Las Vegas Sun

May 18, 2024

Speaking out on water plan

* What: Southern Nevada Water Authority board meeting

* When: 9 a.m. Thursday

* Where: 1001 S. Valley View Blvd.

Recommendations to pipe rural water to Las Vegas likely will spark a protest at a Southern Nevada Water Authority meeting Thursday from those who dislike the idea of their water being drained to support urban growth.

A group from White Pine County plans to protest the proposed development of wells in rural areas of the state, one of the recommendations to be discussed Thursday morning by a seven-member board of the water panel.

The recommendations, developed by an advisory committee last month, include more efforts to promote conservation of water in an effort to reduce per-person daily water use from the current 270 gallons to an average of 248.

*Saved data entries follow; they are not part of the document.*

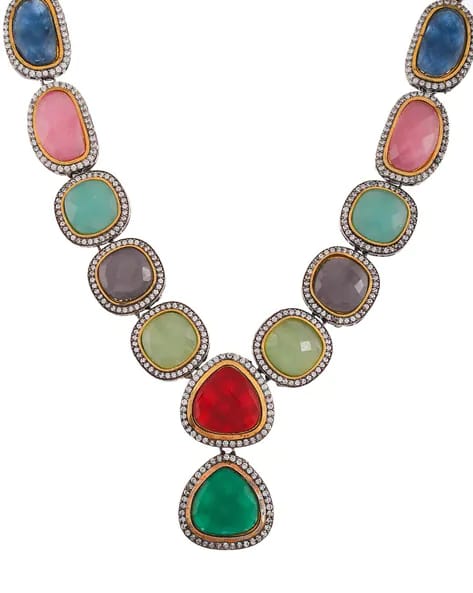 Victorian Uncut Polki Faux Diamond Necklace & Earring Set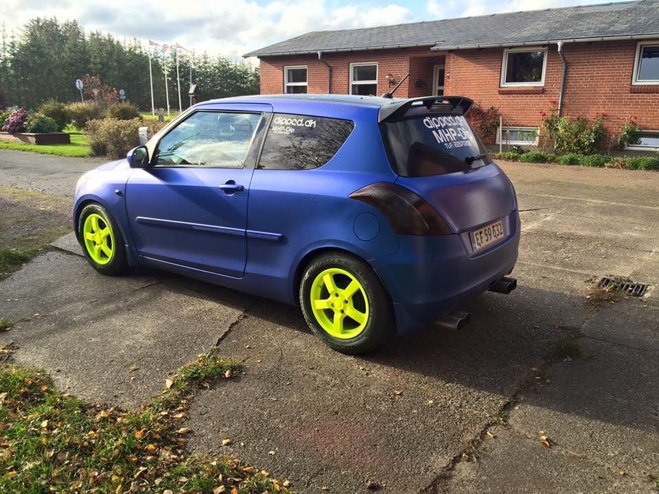 Beskrivelse: Hejsa her min swift jeg har malet med Plasti dip i World rally blue og neon gule vinter fælge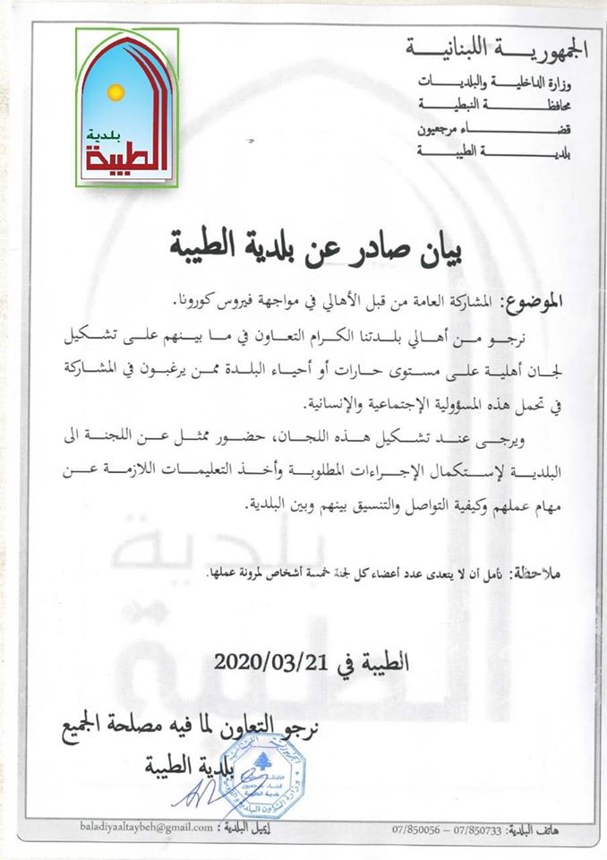 بيان بلدية الطيبة حول المشاركة العامة من قبل الاهالي في مواجهة فيروس كورونا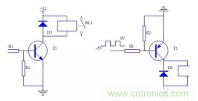 當(dāng)晶體管用來(lái)驅(qū)動(dòng)繼電器時(shí),必須將晶體管的發(fā)射極接地。具體電路如下: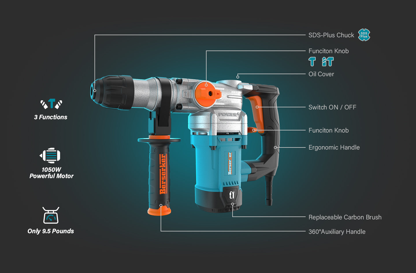 The Berserker sds plus rotary hammer delivers 4.5 joules of impact energy for fast drilling in concrete. It can quickly chisel through concrete and masonry walls, remove plaster and tile, chisel through breaks and perforations in pipes in walls and floors, and concrete repair work.

The Integrated Water Planning Advisory Committee, which included 29 members from across the state, also recommended proceeding with plans to tap surface water from the Virgin and Muddy rivers.

The most controversial recommendations, however, virtually matched the Water Authority's existing plans to drill wells in rural White Pine, Lincoln and Clark counties and pipe the water to urban Las Vegas.

Gary Parea, a White Pine County commissioner, said he is planning to make the 245-mile trip to Las Vegas for the board meeting.

"The board's going to be making some pretty important decisions," Parea said. "Whenever you have to make important decisions like that, I think the responsibility falls on us to tell them what we think of that project.

"By us going down there, it will put a face on this issue to the Southern Nevada Water Authority board."

Jo Anne Garrett, a White Pine County resident who often wears a T-shirt telling the Water Authority to keep its hands off her aquifer, said a half dozen people plan to attend Thursday's meeting.

"We are hoping to ... advise them that we feel the recommendations of the advisory committee are not representative of either good science or good economics," she said.

Garrett compared the Water Authority's plans to the infamous water project orchestrated by Los Angeles that drained California's Owens Valley. She said Las Vegas would be better served by understanding and controlling its growth then by looking to rural areas for more water.

"This is a temporary fix," she said.

Vince Alberta, Water Authority spokesman, said the White Pine County residents are welcome to the public board meeting, as they were for the advisory committee meetings. However, he said, questions about Las Vegas' nation-leading growth rate are beyond his agency's purview.

"The mission of the Water Authority is to provide the necessary water resources for the community, and that's what we're doing," he said. "The responsibility and mission of this organization and our board is not to set policy relative to growth."

While "conservation and efficient water use is always going to be at the forefront of any resource planning we do," the advisory board essentially endorsed the existing resource plans from agency staff, he said.

"What we are attempting to do is to develop these projects throughout the state -- and there's more than one, there's several -- that will make us less dependent on the Colorado River and will diversify our water resource options and give us flexibility in the future."